De nombreux produits seront à la fois UAB et de biocontrôle, mais :
- des produits non UAB (par exemple des herbicides, que le règlement bio européen rejette) pourraient être listés biocontrôle ;
- des produits UAB pourraient ne pas être listés biocontrôle (par exemple, des produits cupriques).
À noter, les produits à base de substances à faible risque autorisés, à l'heure où nous écrivons ces lignes, sont tous UAB.
Certains espaces ne sont pas touchés
D'autre part, les interdictions de produits ne concernent que certaines catégories d'EVI. Ce sont les espaces verts, forêts, promenades et voiries à la fois relevant de personnes publiques et accessibles ou ouverts au public.
Ainsi, un jardin ouvert au public de domaine privé ne sera pas touché, de même qu'un domaine public interdit au public.
De même, pour les voiries, l'interdiction touche les zones accessibles (ex. : trottoir, aire de repos) mais pas celles inaccessibles (ex. : zone technique).
De plus, elle peut être levée sur les zones étroites et difficiles d'accès.
Enfin, ces interdictions disparaissent en cas de traitement obligatoire contre un bioagresseur officiellement listé comme nuisible.
« Personnes vulnérables » dans le camp des préfets
Nous l'avions écrit il y a un an, la loi d'avenir agricole de 2014(5) prévoyait des restrictions aux traitements phyto à proximité des lieux accueillant des personnes vulnérables type écoles, hôpitaux, etc. (et aussi dans ces lieux, mais cela ne change pas grand chose par rapport aux dispositions de l'arrêté « Lieux publics » de 2011(6)). Un texte était attendu pour que cela soit applicable.
En fait, l'application de la mesure a été renvoyée à des arrêtés des préfets de département, selon les directives données par une instruction technique ministérielle publiée en février(7).

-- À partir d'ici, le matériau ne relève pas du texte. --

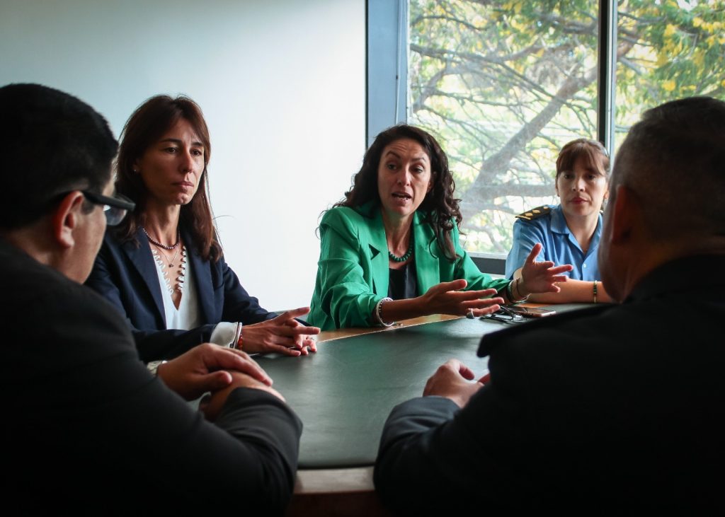 La Dra. Camila Banfi Saavedra, Presidenta del Superior Tribunal de Justicia de Chubut junto al Subsecretario de Seguridad, Dr. Claudio Alfredo Fernández y al Comisario General Mauricio Zabala, subjefe de la Policía del Chubut, suscribieron este miércoles un acta acuerdo para difundir en las Comisarías de la Mujer el material audiovisual de una campaña de divulgación y sensibilización sobre derechos en materia de género impulsada por la Oficina de la Mujer y Violencia de Género del STJ.
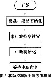 程序上電初始化后,處于等待狀態(tài)。當串口中斷一來I臨,優(yōu)先處理串口中斷.發(fā)送無線數(shù)據(jù)是通過鍵盤、菜單控制。移動控制器主程序流程圖見圖3;無線發(fā)送子程序見圖4。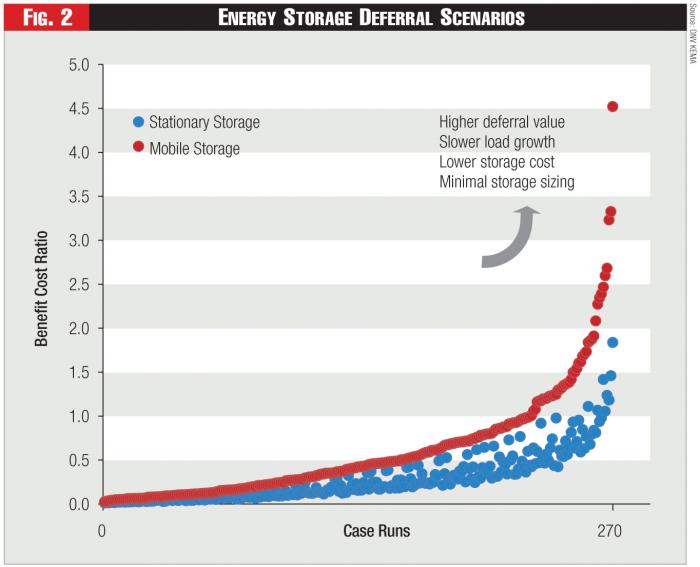 Figure 2 illustrates multiple scenarios with various assumptions regarding storage cost, size, technologies, and expected benefits of the deferral. The chart is a scatter plot of all the simulations that were run for a substation-deferral use case, and it shows how changes in location can affect asset value. The first blue line shows the unit installed and used in a stationary position, and the representative benefit-to-cost ratios associated with all the runs. The red line shows the additional benefits that can be extracted when the unit is moved to multiple locations, optimizing the use of the asset and increasing the number of positive benefit-to-cost scenarios.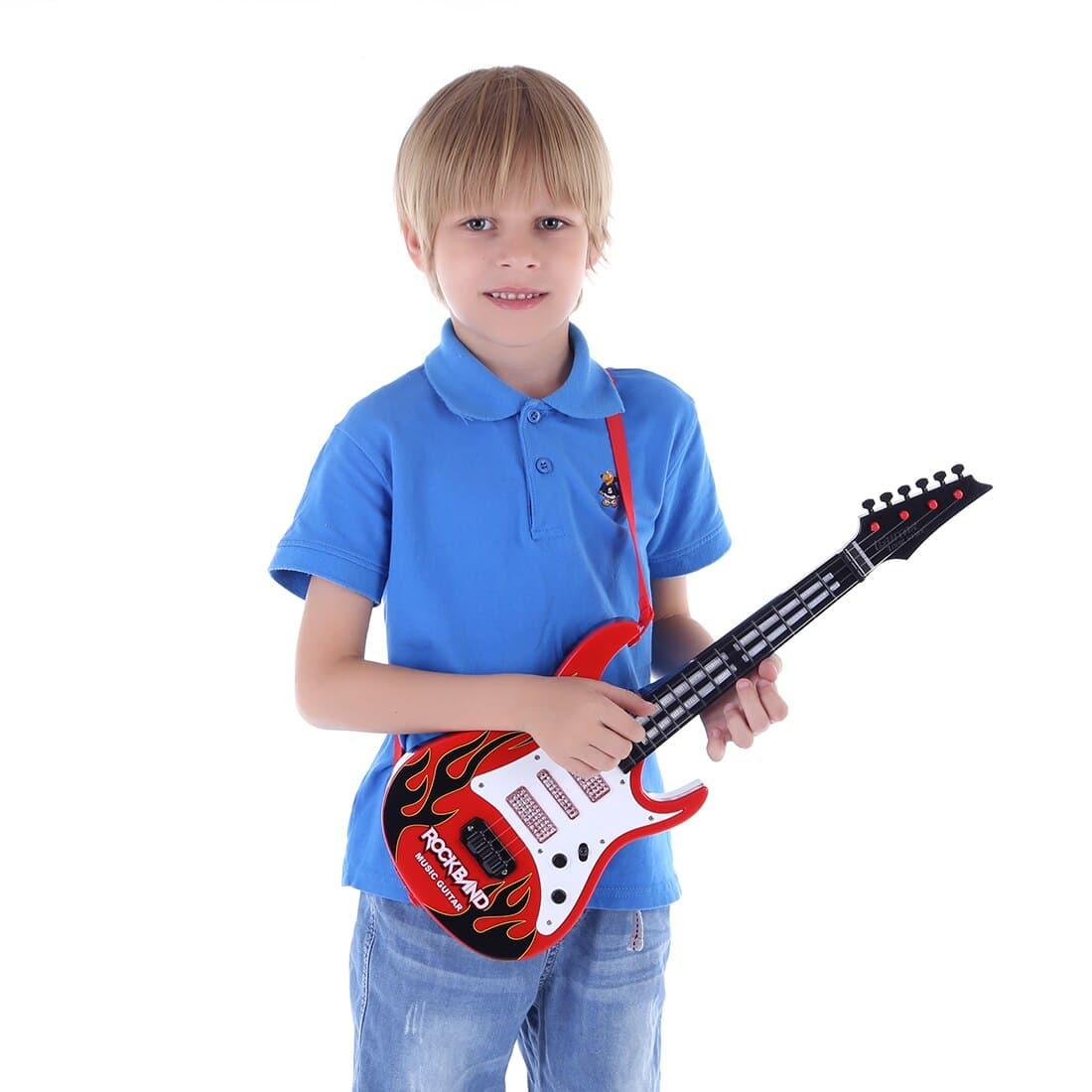 Möchte Ihr Kind Musiker werden? Wie wäre es, wenn Sie seinen Traum wahr werden lassen und ihm diese wunderschöne elektrische Gitarre als Geschenk überreichen? Mit ihrem von professionellen Gitarren inspirierten Design wird sich Ihr Kind wie ein echter Rockstar fühlen, wenn es sie in den Händen hält. Diese Kindergitarre erzeugt außerdem lustige Klänge und blinkt, wenn sie gespielt wird.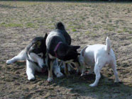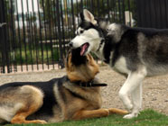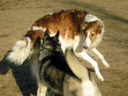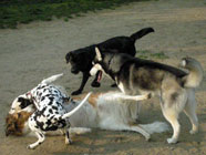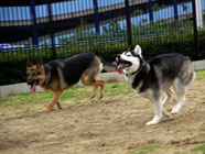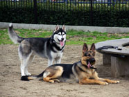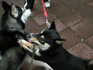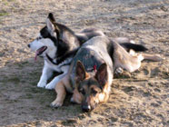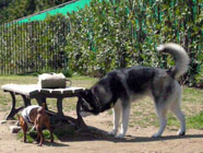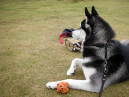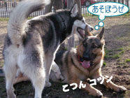 横着なやつお昼過ぎにドッグランに出かけたところ、メイちゃんがすでに遊んでいました。バルトは、休んでいるメイちゃんの脇腹を前足でつついて遊びをうながす始末。実に横着者なのです。 |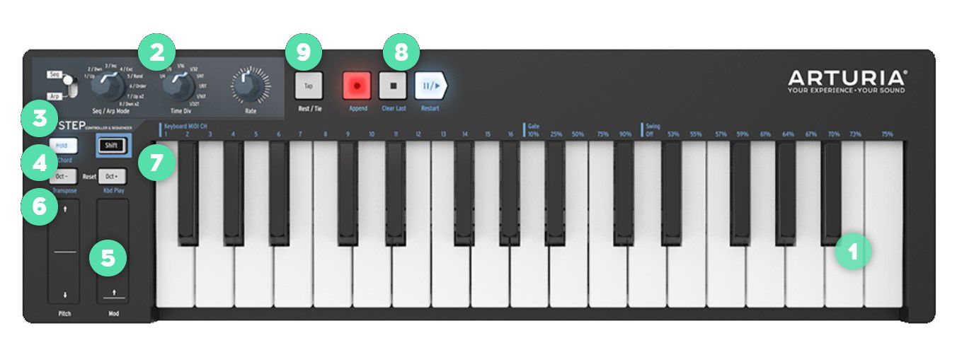 KeyStep має секвенсор і арпеджіатор. Ви можете записати вісім різних секвенцій, кожна з яких може містити до 64 кроків. Арпеджіатор генерує ноти на основі натиснутих Вами клавіш і відтворює їх у відповідності з налаштуванням режиму Arp.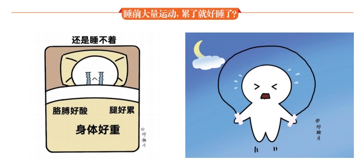 到了小高該睡覺的時間,他專心致志地躺在了床上,等待著入睡。但很快,小高就感受到了一些不對勁:他的心率似乎并沒有減慢太多,依舊在他的胸膛里“砰砰砰”地跳著,自己的情緒似乎也并不是即將入睡前的平靜,還保留著一些運動時的躁動?!斑@是怎么回事?難道睡前運動還有礙于睡眠嗎?”小高百思不得其解。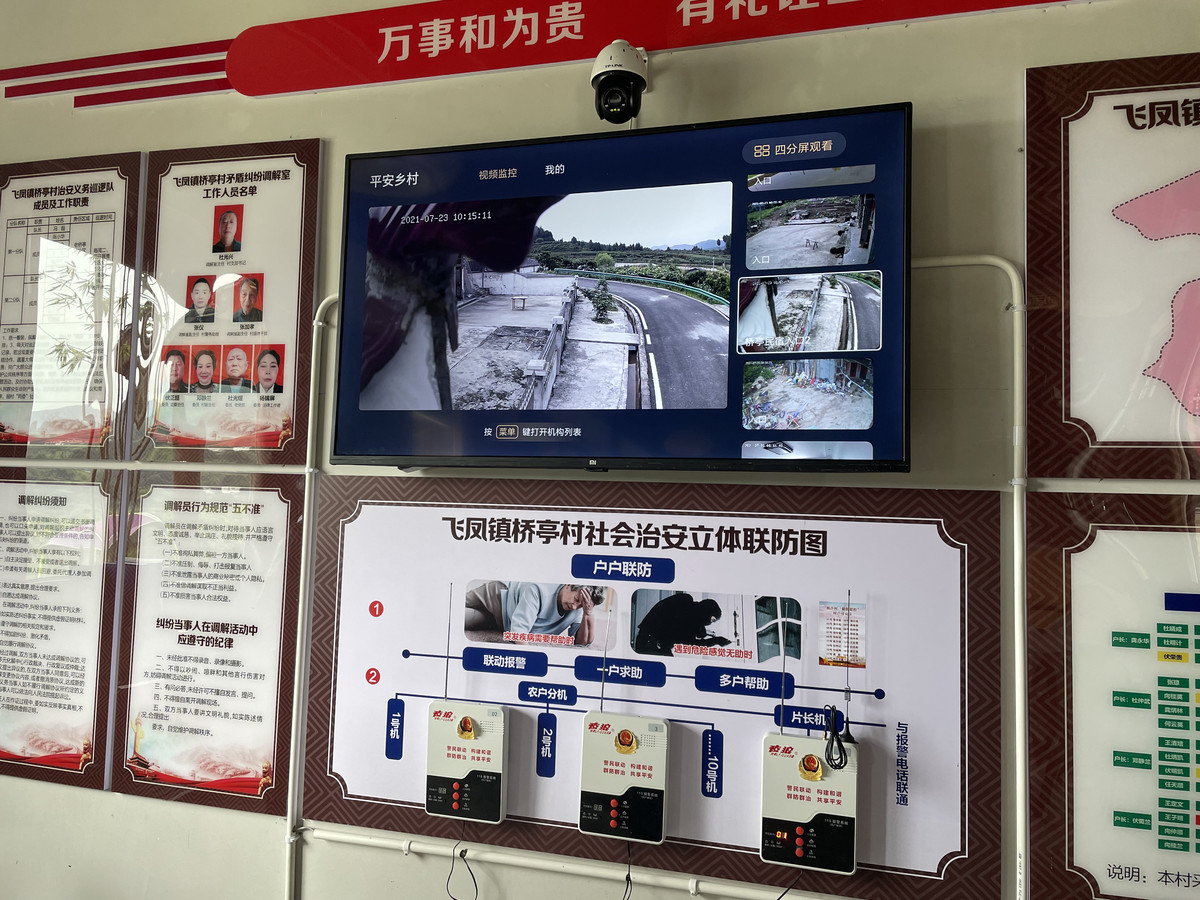 “一户按,十户响。一旦发生紧急情况,装置上的三个键随便按哪个,网格内的所有装置都会响。”飞凤镇党委书记何常清说,桥亭村作为乡村治安环境试点,首先细化了网格,由一村一格细化到10至15户为一个网格,整个村共16个网格。每个网格内,精准识别每户的治安状况,分成红、黄、绿三级。孤寡老人、精神疾病者、残障人士标记为红色,老人孩子在家的为黄色,有青壮年在家的则为绿色。诸如杜明政这样的红色、黄色家庭率先安装了“远程监控”和“一键呼救”设施,并且由村治安中心实时监控。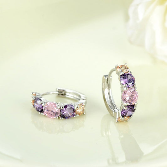 Earrings for Women Fashion Multicolor Crystal Hoops | Silver Toned Hoop Earrings for Girls | Birthday Gift for Girls & Women Anniversary Gift for Wife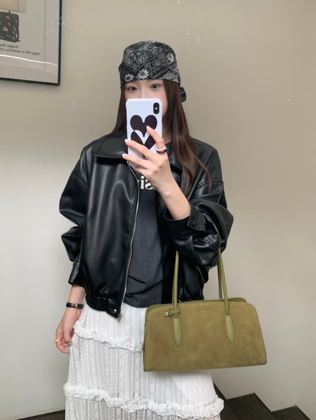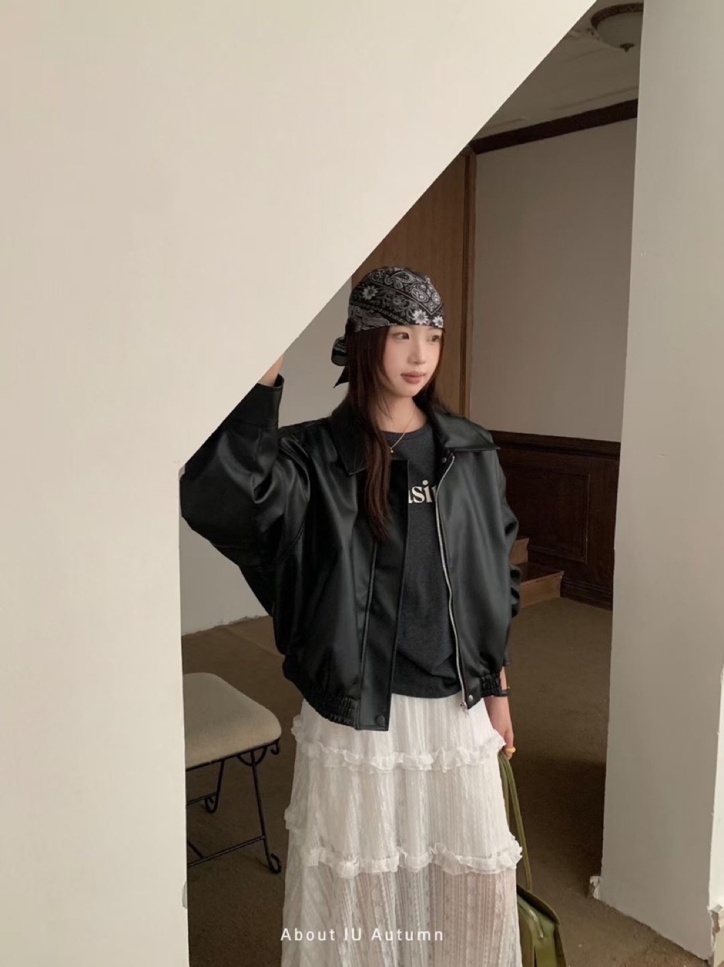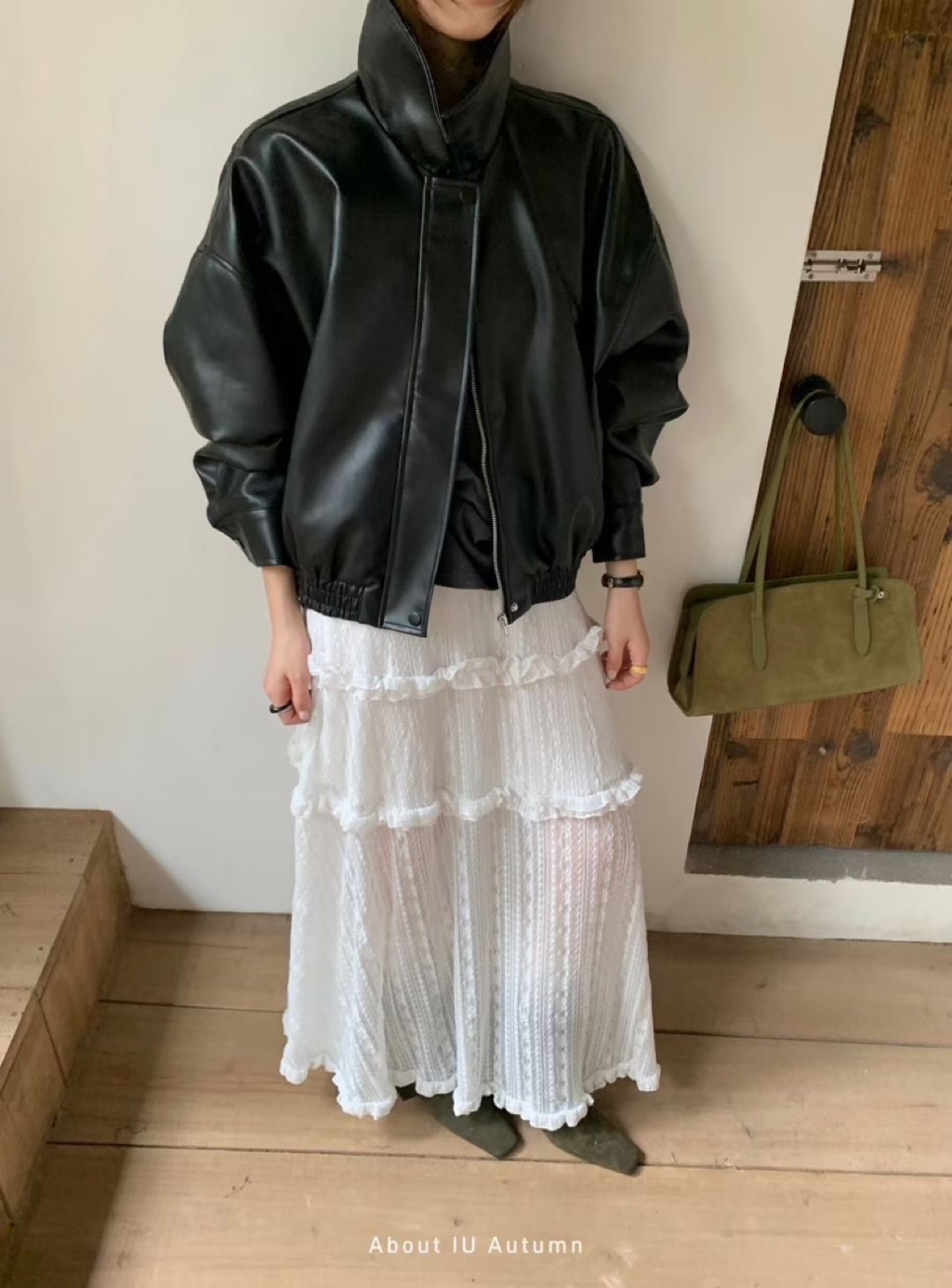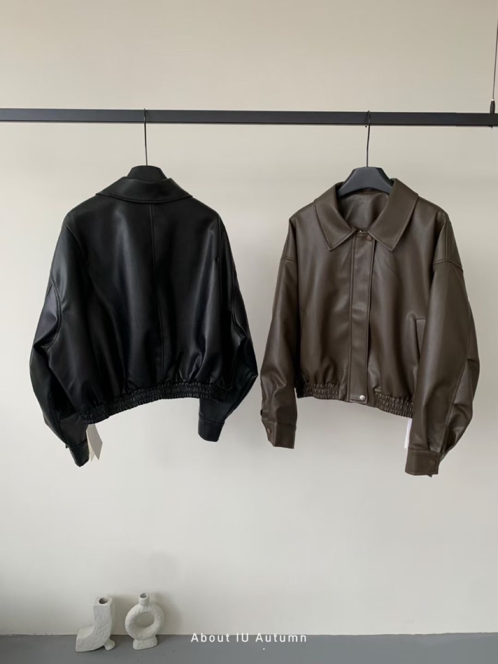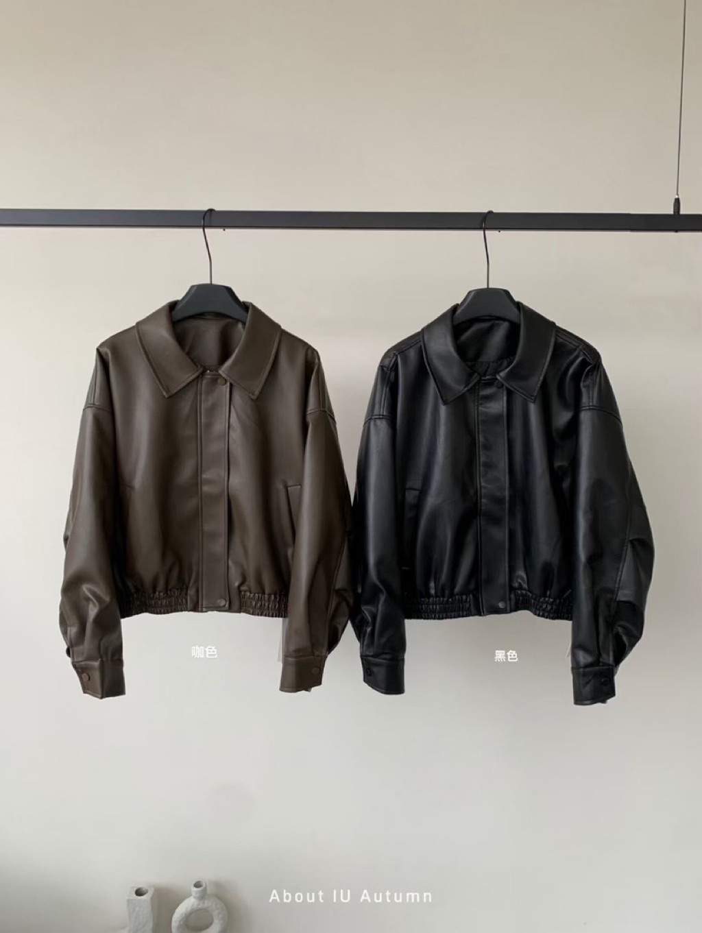 翻領皮革拉鍊外套🤍🤍
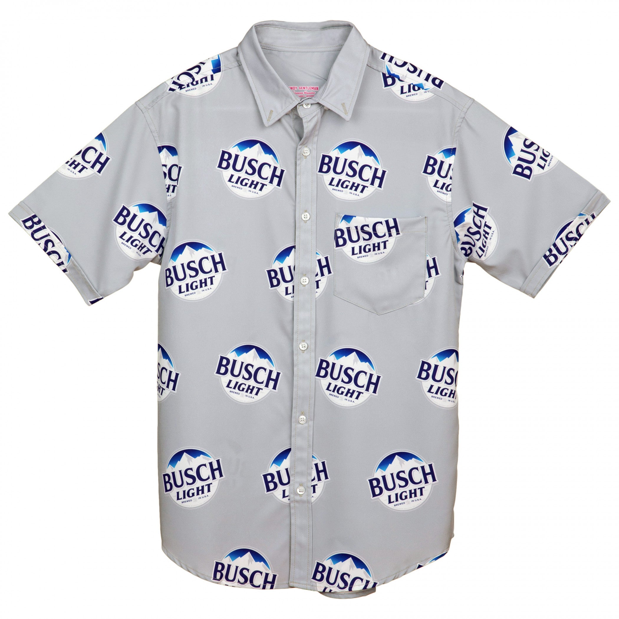 Officially licensed Busch Light All Over Print Button Down Hawaiian Shirt. This grey "Busch Light" Button Down Hawaiian Shirt is made from polyester and features a classic "Busch Light" logo all-over print design.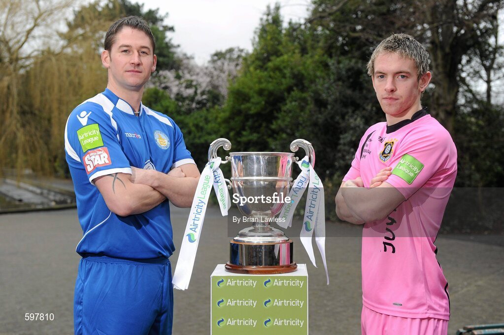 27 February 2012; In attendance at the Airtricity League 2012 launch are David Breen, Waterford United, left, and Danny Furlong, Wexford Youths, both teams will face each other during the opening weekend of the Airtricity League First Division. Airtricity League 2012 Launch, The Herbert Park Hotel, Ballsbridge, Dublin. Picture credit: Brian Lawless / SPORTSFILE

Des arrêtés préfectoraux ont été publiés, mais il est trop tôt pour évaluer la mesure à l'échelle nationale.
Chassé-croisé de produits
Par ailleurs, la gamme de produits utilisables a déjà bougé. Les produits pour professionnels à base de glyphosate contenant des tallowamines ont vu leurs AMM (autorisations de mise sur le marché) retirées l'été dernier. Ils restent revendables jusqu'au 31 décembre 2016 et utilisables (en espaces autorisés) jusqu'au 31 décembre 2017.
D'autres interdictions sont prévues pour le 1er septembre 2018 : celles des insecticides à base de néonicotinoïdes, certains autorisés sur arbres et arbustes d'ornement.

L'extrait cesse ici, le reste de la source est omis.